On Mon, Dec 25, 2000 at 08:40:50PM +0000 or thereabouts, Thorsten Kranzkowski wrote:
> On Mon, Dec 25, 2000 at 06:09:35AM +0100, Mike Galbraith wrote:
> > I wouldn't (not going to here;) spend a lot of time on it. The compiler
> > has problems. It won't build glibc-2.2, and chokes horribly on ipchains.
> >
> > int ipt_register_table(struct ipt_table *table)
> > {
> > int ret;
> > struct ipt_table_info *newinfo;
> > static struct ipt_table_info bootstrap
> > = { 0, 0, { 0 }, { 0 }, { } };
> > ^
> > ip_tables.c:1361: Internal compiler error in array_size_for_constructor, at varasm.c:4456
>
>
> Well, I 'fixed' this by changing above line to:
> = { 0, 0, { 0 }, { 0 }, };
> and repeating this change (deleting the braces) about 15 times in 2 or 3 other
> files of iptables. (patch available on request)
> Of course gcc shouldn't die but issue a useful message if/when syntax rules
> may have changed.
>
> Apart from that and a hand-edited arch/alpha/vmlinux.lds that got some
> newlines wrong, the kernel compiled fine and is up for over a day now.
> Though this is not intel but alpha (ev4 / AXPpci33).
>
> Marvin:~$ uname -a
> Linux Marvin 2.4.0-test13pre4-ac2 #13 Sun Dec 24 15:26:57 UTC 2000 alpha unknown
> Marvin:~$ uptime
> 8:19pm up 1 day, 4:28, 4 users, load average: 0.00, 0.00, 0.00
> Marvin:~$ gcc -v
> Reading specs from /usr/lib/gcc-lib/alpha-unknown-linux-gnu/2.97/specs
> Configured with: ../gcc-20001211/configure --enable-threads --enable-shared --prefix=/usr --enable-languages=c,c++
> gcc version 2.97 20001211 (experimental)
>
>
> I use iptables for masquerading my local ethernet and that works as expected
> so far.
>
> Thorsten.
Its a problem with initializing a zero-length array.
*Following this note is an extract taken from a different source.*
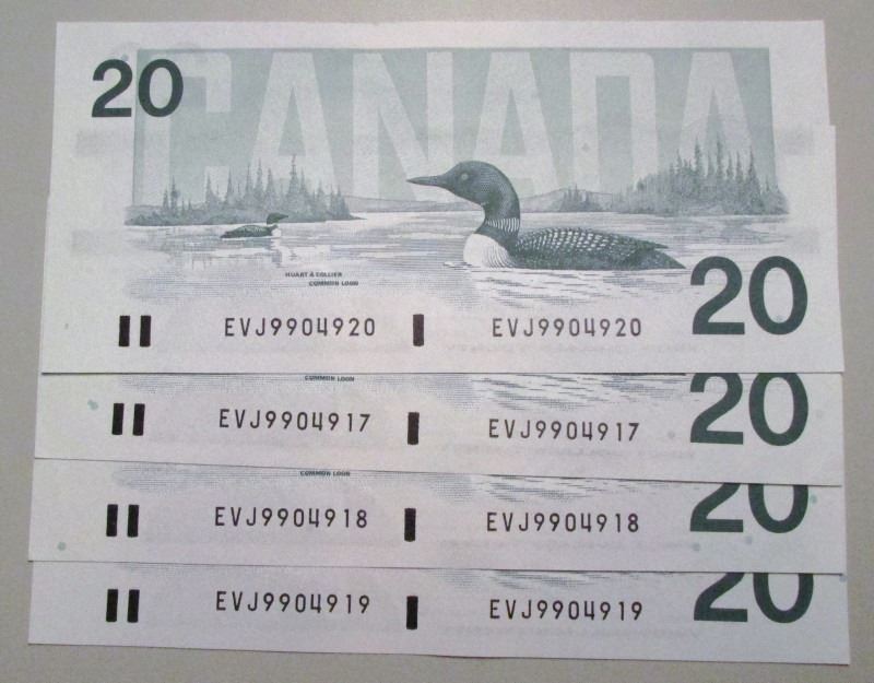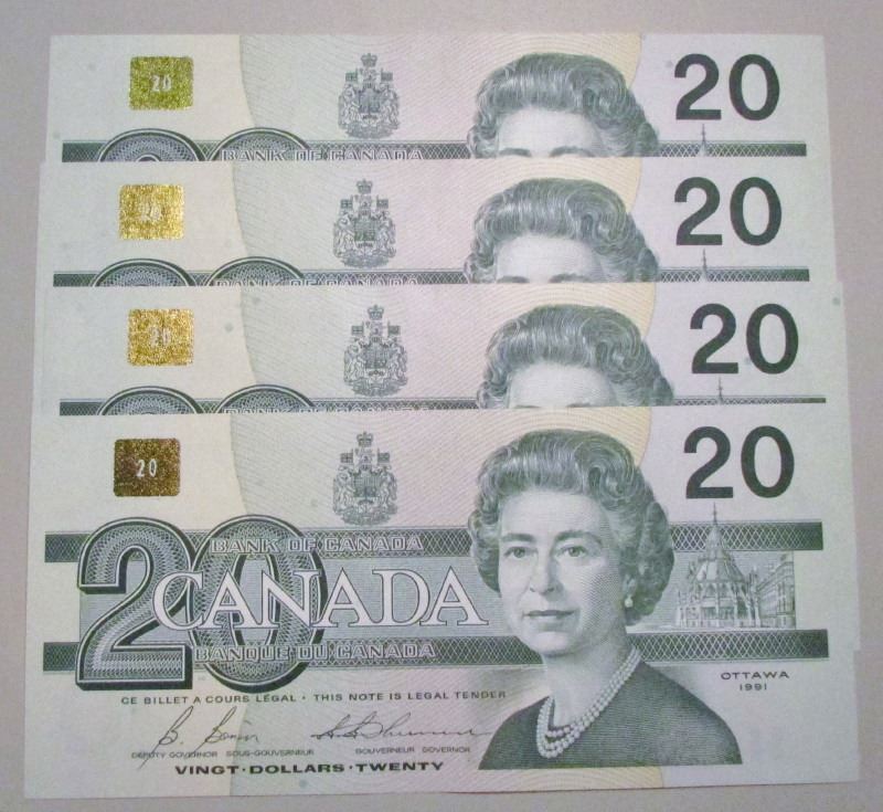 4 Consecutive 1991 Bank Of Canada $20 Bank Note - EVJ Series, With BPN - Trends Value $165

This is something
that gcc has never previously been documented to do, but it has worked
in the past (most of the time). Recently it has been decided (according
to traffic on gcc-bugs and gcc-patches lists) that gcc will handle
zero-length arrays as flexable-array-members per ISO C99 standard.
AFAIK, that means that if they are to be initialized, zero-length arrays
can only exist as the last element of a structure, and that the
structure must not be embeded within another structure.
The empty brackets that Thorsten removed were initializing the zero-length
array to empty, but gcc currently has this bit of code in varasm.c
(around line 4460):
/* ??? I'm fairly certain if there were no elements, we shouldn't have
created the constructor in the first place. */
if (max_index == NULL_TREE)
abort ();
This abort() resulted in the "Internal compiler error" that Mike noticed
earlier. Removing the empty brackets prevents gcc from trying to
initialize the zero length array and avoids this problem. However, this
can result in warning messages about missing initializers depending upon
the warning flags given to gcc, and seems like the wrong thing to do.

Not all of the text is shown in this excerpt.